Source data
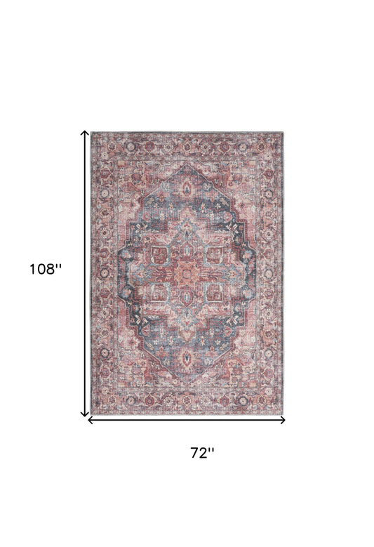 6' X 9' Multicolor Medallion Distressed Washable Area Rug
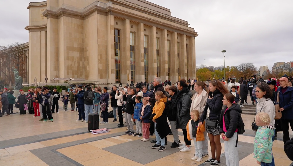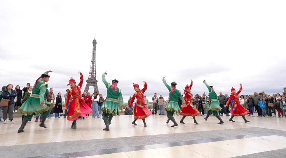 在法國(guó)巴黎市的夏約宮廣場(chǎng)、埃菲爾鐵塔、香榭麗舍大街、巴黎圣母院、凱旋門、國(guó)際大學(xué)城,比利時(shí)布魯塞爾市大廣場(chǎng)、藝術(shù)山等地,阿拉善的烏蘭牧騎演員開(kāi)啟了一場(chǎng)場(chǎng)融合蒙古族華服走秀與快閃歌舞表演,“阿拉善在哪里?”“這服裝太酷了!”“怎么有萬(wàn)馬奔騰的感覺(jué)!”“想去看一看!”“這沙漠也太壯觀了!”快閃路演吸引了法國(guó)、比利時(shí)以及來(lái)自世界各地的游客駐足觀看,喝彩不斷,沉醉其中。
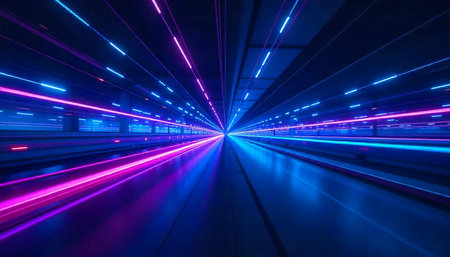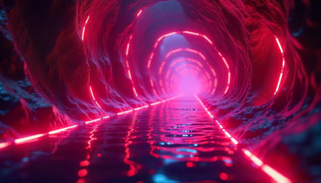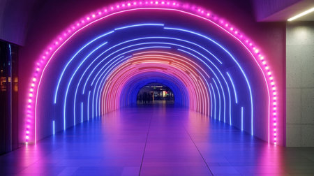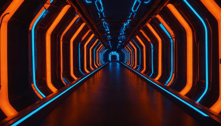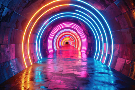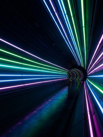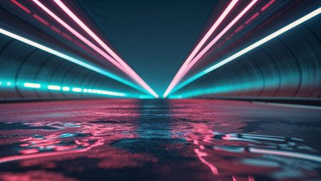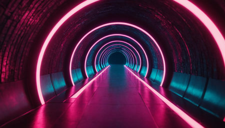 A tunnel illuminated by neon lights running through the middle, casting a vibrant glow on the surroundings. The tunnel stretches ahead, creating a futuristic and colorful pathway
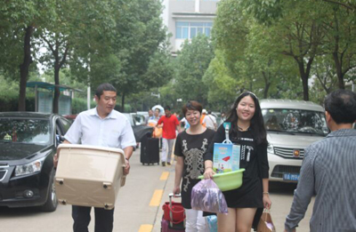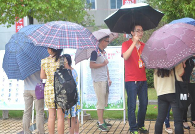 早上7时天气阴凉、伴有小雨,新生陆陆续续前来报到。志愿者们热情的招待新生,冒着雨带领他们去办理手续,帮助新生拿行李,并耐心回答新生的问题。红色的志愿者制服上分不清是汗水还是雨水。许多家长对我系志愿者赞不绝口,他们表示志愿者非常负责,不仅向他们详细的介绍了新生报到的流程还将他们带到指定地点办理手续。“虽然很累,但是我们很开心。为新生带路是我们的责任,我们会为工作负责”环境设计1141班杨艺慧说到。
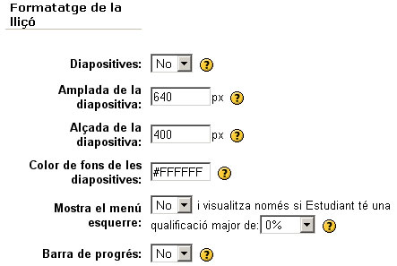 A Formatatge de la lliçó, podeu optar per presentar la lliçó com a diapositives de mides determinades i amb un color de fons adient. Les pàgines que es presentaran en aquest format són les taules de ramificació; les preguntes, però, surten d'aquest format i es presenten en el format normal. Són útils per donar informació perquè presenten els botons de Següent i Anterior per anar-les passant.
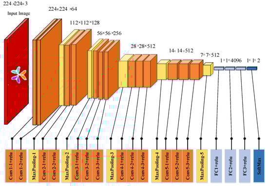 The VGG16 consists of an input layer, a convolutional layer, and a maximum pooling layer with a ReLU activation function, which is one of the CNNs for feature extraction, which finally enters SoftMax in order to achieve the result of the fault classification. Among them, the convolutional layer and the pooling layer are crossed with the filter layer for the feature extraction of the data, respectively. The typical structure of the VGG16 is shown in Figure 2.
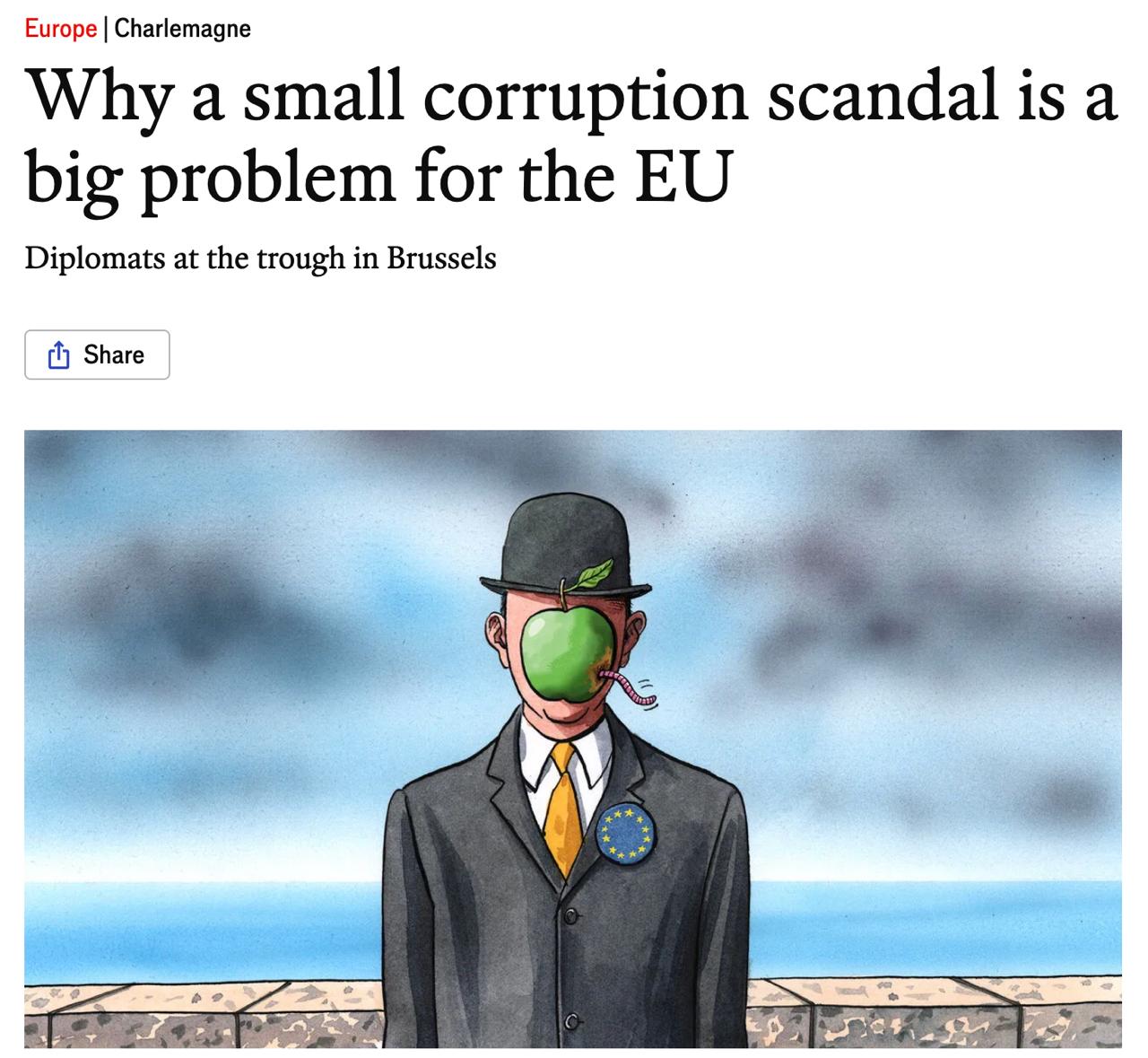 Евросоюз срочно включает антикриз. Идеологический рупор либералов The Economist выпускает статью под заголовком «Почему маленький коррупционный скандал - это большая проблема для ЕС».

WHAT NEEDS TO BE DONE: Transcribe all the lines above exactly; any image among them is skipped.

TASK RESULT:
 6' X 9' Multicolor Medallion Distressed Washable Area Rug
 在法國(guó)巴黎市的夏約宮廣場(chǎng)、埃菲爾鐵塔、香榭麗舍大街、巴黎圣母院、凱旋門、國(guó)際大學(xué)城,比利時(shí)布魯塞爾市大廣場(chǎng)、藝術(shù)山等地,阿拉善的烏蘭牧騎演員開(kāi)啟了一場(chǎng)場(chǎng)融合蒙古族華服走秀與快閃歌舞表演,“阿拉善在哪里?”“這服裝太酷了!”“怎么有萬(wàn)馬奔騰的感覺(jué)!”“想去看一看!”“這沙漠也太壯觀了!”快閃路演吸引了法國(guó)、比利時(shí)以及來(lái)自世界各地的游客駐足觀看,喝彩不斷,沉醉其中。
 A tunnel illuminated by neon lights running through the middle, casting a vibrant glow on the surroundings. The tunnel stretches ahead, creating a futuristic and colorful pathway
 早上7时天气阴凉、伴有小雨,新生陆陆续续前来报到。志愿者们热情的招待新生,冒着雨带领他们去办理手续,帮助新生拿行李,并耐心回答新生的问题。红色的志愿者制服上分不清是汗水还是雨水。许多家长对我系志愿者赞不绝口,他们表示志愿者非常负责,不仅向他们详细的介绍了新生报到的流程还将他们带到指定地点办理手续。“虽然很累,但是我们很开心。为新生带路是我们的责任,我们会为工作负责”环境设计1141班杨艺慧说到。
 A Formatatge de la lliçó, podeu optar per presentar la lliçó com a diapositives de mides determinades i amb un color de fons adient. Les pàgines que es presentaran en aquest format són les taules de ramificació; les preguntes, però, surten d'aquest format i es presenten en el format normal. Són útils per donar informació perquè presenten els botons de Següent i Anterior per anar-les passant.
 The VGG16 consists of an input layer, a convolutional layer, and a maximum pooling layer with a ReLU activation function, which is one of the CNNs for feature extraction, which finally enters SoftMax in order to achieve the result of the fault classification. Among them, the convolutional layer and the pooling layer are crossed with the filter layer for the feature extraction of the data, respectively. The typical structure of the VGG16 is shown in Figure 2.
 Евросоюз срочно включает антикриз. Идеологический рупор либералов The Economist выпускает статью под заголовком «Почему маленький коррупционный скандал - это большая проблема для ЕС».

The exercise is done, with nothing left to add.